Based on the anchors (except those receiving negative structural evidence), associative relationships are compared across systems. The most frequent matches indicate a correspondence between an associative relationship in one system and one relationship (hierarchical or associative) or combination thereof in the other. For example, from Heart -contained in→ Middle mediastinum -part-of→ Mediastinum in FMA and Heart -boundsSpace→ Mediastinum in GALEN, the relationship match {FMA:contained in - part-of, GALEN:boundsSpace} can be extracted.

4.2. Alignment 2

The second alignment also includes a lexical phase and a structural phase, followed by a hierarchical match phase [21]. For each phase, generic schema matching algorithms were adapted to 1) cope with the number of concepts present and 2) handle the more expressive modeling environments (Protégé and GRAIL). Summarizing from [21], the second alignment proceeds as follows.

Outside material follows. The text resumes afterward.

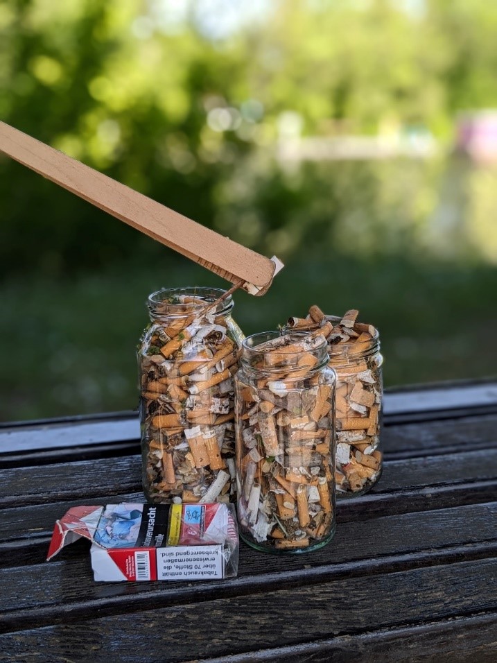 Zigarettenkippen sind weltweit das am häufigsten weggeworfene Abfallprodukt. Durch Sonneneinstrahlung und Regen gelangen die Giftstoffe in unsere Umwelt. Bereits eine einzige Zigarettenkippe kann zwischen 40 bis 60 Liter sauberes Grundwasser verunreinigen und damit Pflanzen und Tiere vergiften.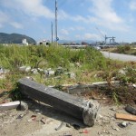 地震被害を物語る大きな修繕痕のある久円寺さまから、旧北上川沿いに海岸へ向けての行程中、路上や周辺地には津波で運ばれた砂が運搬処理されることなく堆積していました。震災から1年以上経っていても門脇小学校の焼け焦げた跡は今も生々しい目に映ります。残暑の厳しい中、一面草野原となってしまったこの地にて慰霊と復興を祈願いたしました。

The lexical phase identifies concepts whose names are similar. Each concept name from FMA and GALEN is first mapped to the UMLS Metathesaurus after normalization and reduced to a set of UMLS concept identifiers. Each concept identifier is further annotated with part-of-speech information identified using the SPECIALIST Lexicon. The similarity between two concepts from FMA and GALEN depends on the ratio of shared UMLS concepts to the total number of UMLS concept mapped to. Part-of-speech information is further used to distinguish between roots (nouns and verbs) and modifiers (adjectives and adverbs) [7].

For example, Valve in heart from GALEN is first normalized to heart valve and mapped to two UMLS concepts. Cardiac valve from FMA is normalized to cardiac valve and mapped to three UMLS concepts, two of which being shared with the mappings of Valve in heart. Based on this, the similarity between Valve in heart and Cardiac valve was assigned a score of .8 (where 0 indicates no similarity and 1.0 indicates a perfect match).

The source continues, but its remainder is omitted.